Star Tribune features class that uses ‘The Wire’ to explore race and politics
The HBO drama The Wire is “a fictional television show that, despite going off the air eight years ago, is proving its relevance today in classrooms around the country, including at St. Olaf College,” notes a Star Tribune story that profiles a class taught by political science professor Joshua Anderson.
The class uses The Wire — a critically acclaimed series that dives deep into issues of urban life, focusing on drugs and gangs, education and media, and, most centrally, law enforcement — to explore race and politics in America.

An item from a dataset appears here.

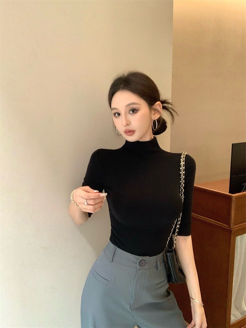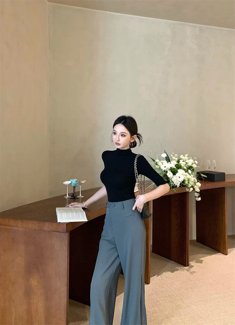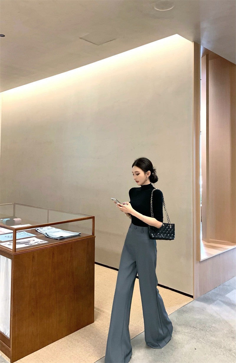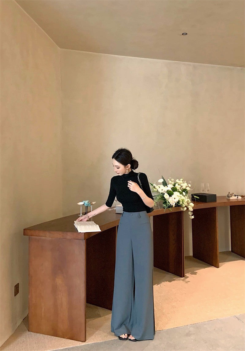 Jun. 高級知性 百搭顯瘦彈力上衣 黑 高腰闊腿褲 灰

“The ever-presence of police brutality in The Wire gives some very timely and very realistic material for thinking about problems of policing in the United States,” Anderson tells the Star Tribune. “But what I like about The Wire is that it is fictional, and I think that takes some of the emotional stakes out of the conversation about race.”
The paper notes that since the series wrapped in 2008, “it has become a companion piece to courses on everything from poverty to ethics, in classrooms from Harvard to the University of California, Berkeley.”
The St. Olaf class, which meets daily for four weeks in January, requires students to watch the first three seasons of the series — about two episodes per night for homework, plus accompanying readings.
St. Olaf student Emnet Shibre ’16 says the show has helped her realize how complex issues like officer-involved shootings can be.
“Something that watching The Wire has done for me is give me more sympathy for the situations that officers find themselves in,” she says.